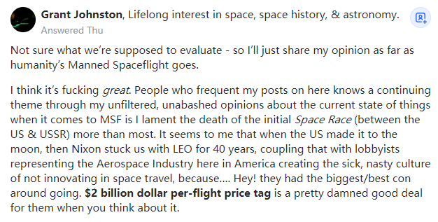 不是说你一定要有太空经验,但它确实有帮助。因为作为一名飞行员,你首先必须了解和理解航空航天工程学。
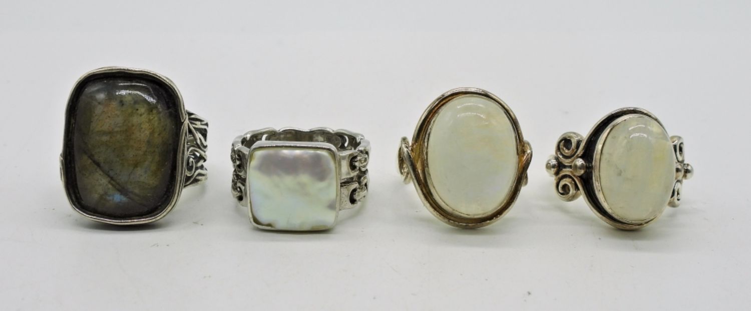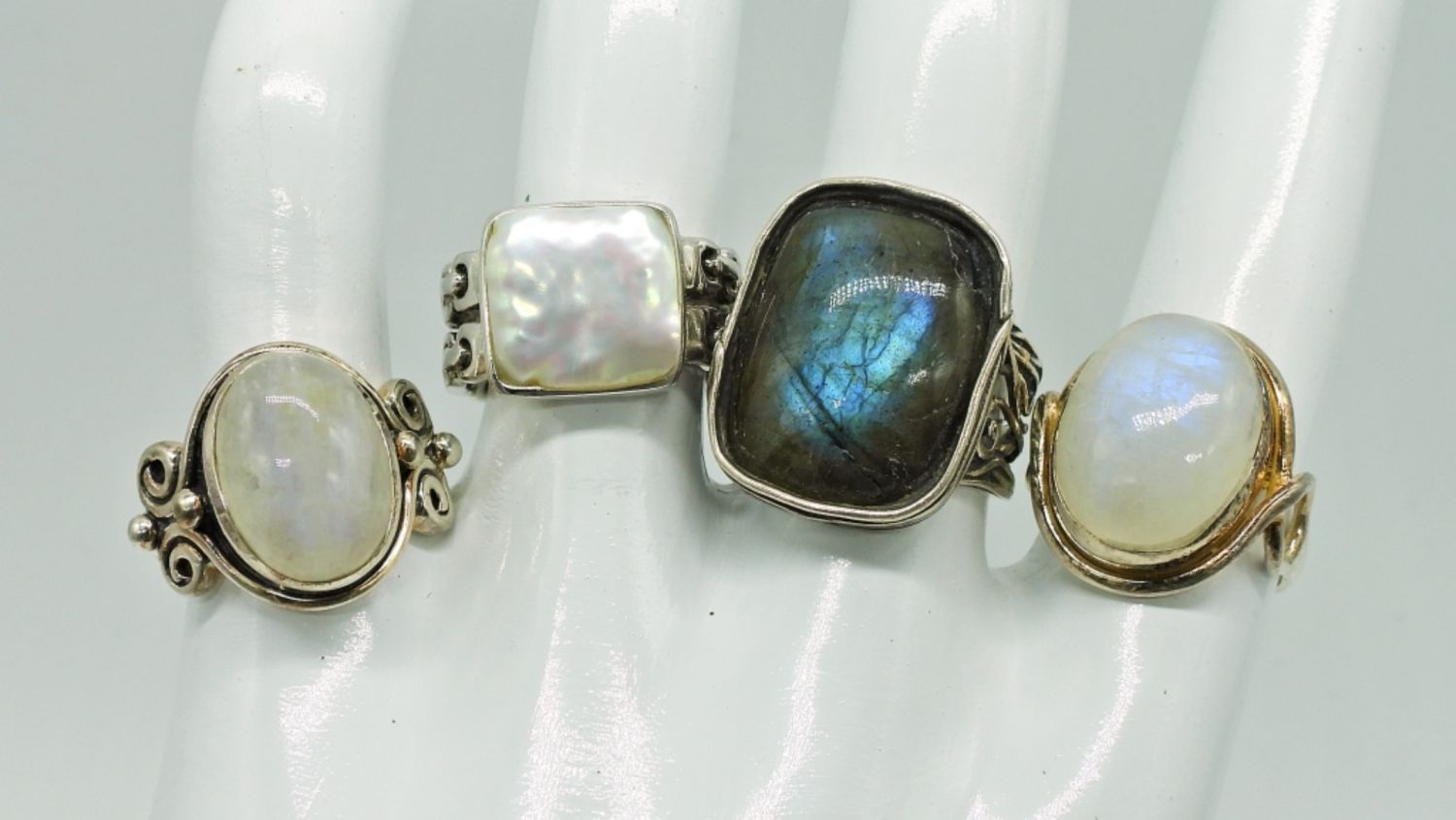 Sizes 6-7. Labradorite, Rainbow moonstone, and shell. Beautiful! DWT 18.1
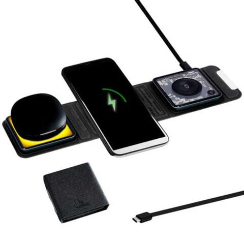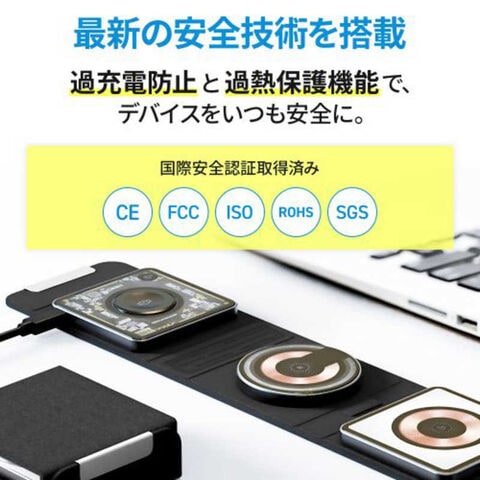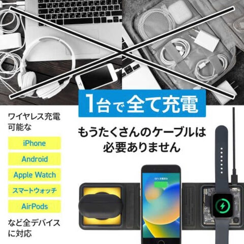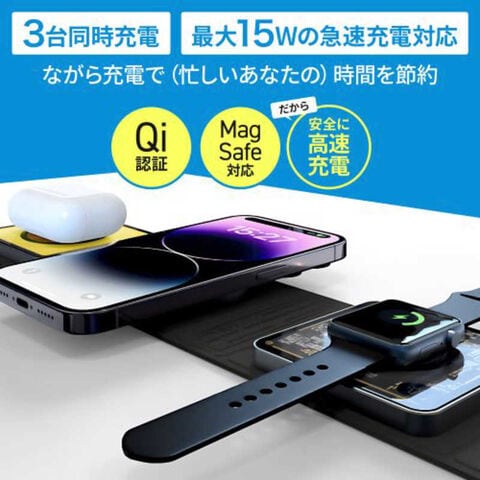 このマルチデバイス充電器は、スマートフォン、イヤホン、スマートウォッチの3台を同時に充電可能です。
^^^^
Return the material above in exact form. Pictures stay out.

- **Worked solution**:
 不是说你一定要有太空经验,但它确实有帮助。因为作为一名飞行员,你首先必须了解和理解航空航天工程学。
 Sizes 6-7. Labradorite, Rainbow moonstone, and shell. Beautiful! DWT 18.1
 このマルチデバイス充電器は、スマートフォン、イヤホン、スマートウォッチの3台を同時に充電可能です。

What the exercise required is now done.